The Once and Future King (#1-4) by T. H. White


  ‘I never could stomach these nationalists,’ he exclaimed. ‘The destiny of Man is to unite, not to divide. If you keep on dividing you end up as a collection of monkeys throwing nuts at each other out of separate trees.’

  ‘All the same,’ said the King, ‘there seems to have been a good deal of provocation. Perhaps I ought not to fight?’

  ‘And give in?’ asked Kay, more in amusement than dismay.

  ‘I could abdicate.’

  They looked at Merlyn, who refused to meet their eyes. He rode on, staring straight in front of him, munching his beard.

  ‘Ought I to give in?’

  ‘You are the King,’ said the old man stubbornly. ‘Nobody can say anything if you do.’

  Later on, he began to speak in a gentler tone.

  ‘Did you know,’ he asked rather wistfully, ‘that I was one of the Old Ones myself? My father was a demon, they say, but my mother was a Gael. The only human blood I have comes from the Old Ones. Yet here I am denouncing their ideas of nationalism, being what their politicians would call a traitor – because, by calling names, they can score the cheap debating points. And do you know another thing, Arthur? Life is too bitter already, without territories and wars and noble feuds.’

  Chapter IV

  The hay was safe and the corn would be ripe in a week.
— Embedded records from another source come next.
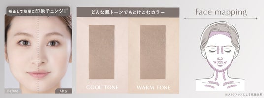 “生まれ持った骨格に見える自然なシェーディング効果※”“どんな肌トーンでも色浮きせずにお肌になじむ”“長時間つけていてもくすまずお肌の透明感をキープ”、そんな欲ばりを叶える、くすみをとばすほんのりブルーを配合した赤みや黄みのないグレージュカラー。自然に小顔を演出し骨格を補正※。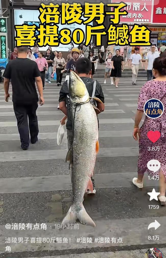 9月10日,重庆市涪陵区一名男子背着一条重达79斤的大鱼在闹市行走的视频引起了广泛关注。视频中,这名男子背着一米多长的鱼,在市区中穿行,路人纷纷露出惊讶的表情。网友们看到后纷纷表示,也想体验一下背这条大鱼的感觉
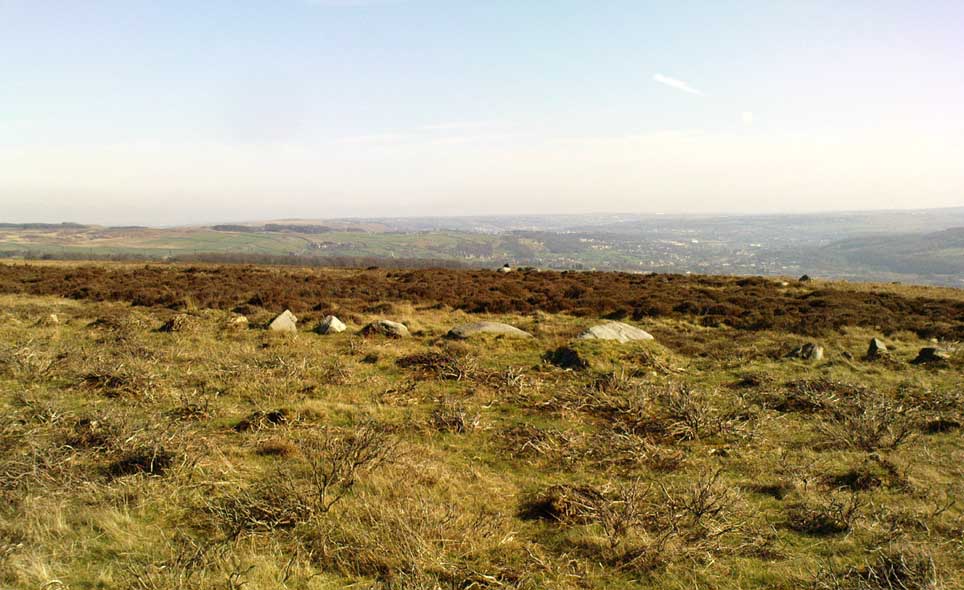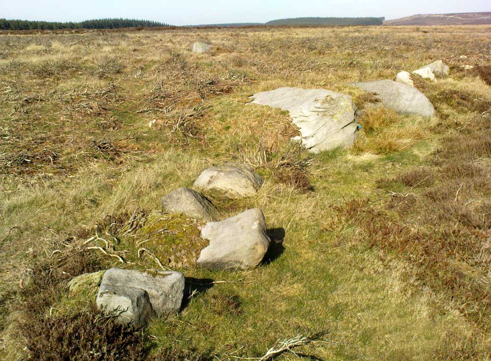 “At the south end of the main rock surface there is the lightly-pecked outline of a shod right foot. 0.24m long and 0.1m in maximum width, with a pronounced taper to the heel. There are further peck marks within the outline, and a sunken footmark was intended but not completed. This print is on almost the same alignment as the more prominent footprint some 2m to the north, which measures 0.27m from NNE to SSW, by 0.1m in maximum width and 25mm in depth. It is somewhat broader at the heel than the incomplete mark, and its sides are straighter.”

They sat in the shade at the edge of a cornfield, watching the dark brown people with their white teeth who were aimlessly busy in the sunlight, firehanging their scythes, sharpening their sickles and generally getting ready for the end of the farm year. It was peaceful in the fields which were close to the castle, and no arrows needed to be apprehended. While they watched the harvesters, they stripped the half—ripe heads of corn with their fingers and bit the grain daintily, tasting the furry milkiness of the wheat, and the husky, less generous flesh of the oats. The pearly taste of barley would have been strange to them, for it had not yet come to Gramarye.


  Merlyn was still explaining.

  ‘When I was a young man,’ he said, ‘there was a general idea that it was wrong to fight in wars of any sort. Quite a lot of people in those days declared that they would never fight for anything whatever.’
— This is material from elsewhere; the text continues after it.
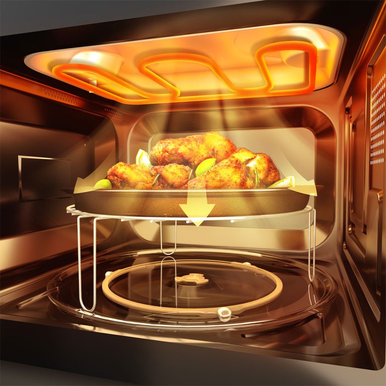 ظرفیت 42 لیتر دارای گریل با قدرت 1500 وات مجهز به صفحه نمایش دیجیتال امکان پخت ترکیبی (Combinaison) قابلیت یخزدایی (Defrost) ابعاد: عرض:54، عمق: 46 و ارتفاع: 33 سانتیمتر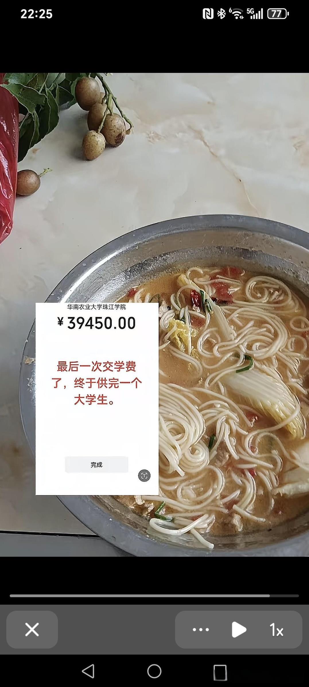 最后一次交学费,终于供完一个大学生~ 最后一次交学费39450,终于供完一个大学生,希望给我回报拜托。 等明年的时候你会发现,好不容易供完学费,又得供孩子上班了,现在的家长真的供不完根本供不完,供完上班又得准备彩礼嫁妆房子车子,回头想想还是供学费的时候最省钱。 这个学费的学校,真的没必要读,除了花钱没有任何意义,孩子也不会好好学,能去这个学校也不是什么好学生,认清自己,认清自己孩子,很重要。

  ‘Perhaps they were right,’ said the King.

  ‘No. There is one fairly good reason for fighting – and that is, if the other man starts it. You see, wars are a wickedness of a wicked species. They are so wicked that they must not be allowed. When you can be perfectly certain that the other man started them, then is the time when you might have a sort of duty to stop him.’
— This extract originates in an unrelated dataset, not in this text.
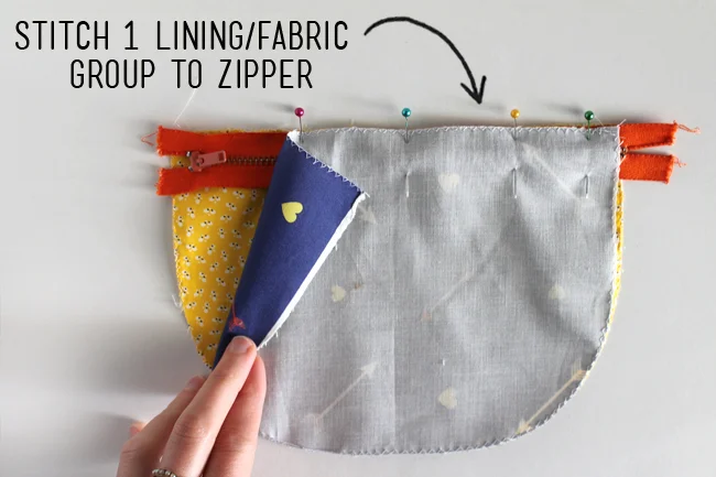 Step 3: With right sides together, sandwich other side of zipper between second lining fabric pair of fabric. Stitch in place. Press fabric away from zipper as shown below.

  ‘But both sides always say that the other side started them.’

  ‘Of course they do, and it is a good thing that it should be so. At least, it shows that both sides are conscious, inside themselves, that the wicked thing about a war is its beginning.’

  ‘But the reasons,’ protested Arthur. ‘If one side was starving the other by some means or other – some peaceful, economic means which were not actually warlike – then the starving side might have to fight its way out – if you see what I mean?’

  ‘I see what you think you mean,’ said the magician, ‘but you are wrong. There is no excuse for war, none whatever, and whatever the wrong which your nation might be doing to mine – short of war – my nation would be in the wrong if it started a war so as to redress it. A murderer, for instance, is not allowed to plead that his victim was rich and oppressing him – so why should a nation be allowed to? Wrongs have to be redressed by reason, not by force.’

  Kay said: ‘Suppose King Lot of Orkney was to draw up his army all along the northern border, what could our King here do except send his own army to stand on the same line? Then supposing all Lot’s men drew their swords, what could we do except draw ours? The situation could be more complicated than that. It seems to me that aggression is a difficult thing to be sure about.’

  Merlyn was annoyed.

  ‘Only because you want it to seem so,’ he said. ‘Obviously Lot would be the aggressor, for making the threat of force. You can always spot the villain, if you keep a fair mind. In the last resort, it is ultimately the man who strikes the first blow.’

  Kay persisted with his argument.

  ‘Let it be two men,’ he said, ‘instead of two armies. They stand opposite each other – they draw their swords, pretending it is for some reason – they move about, so as to get to the weak side of one another – they even make feints with their swords, pretending to strike, but not doing so. Do you mean to tell me that the aggressor is the one who actually hits first?’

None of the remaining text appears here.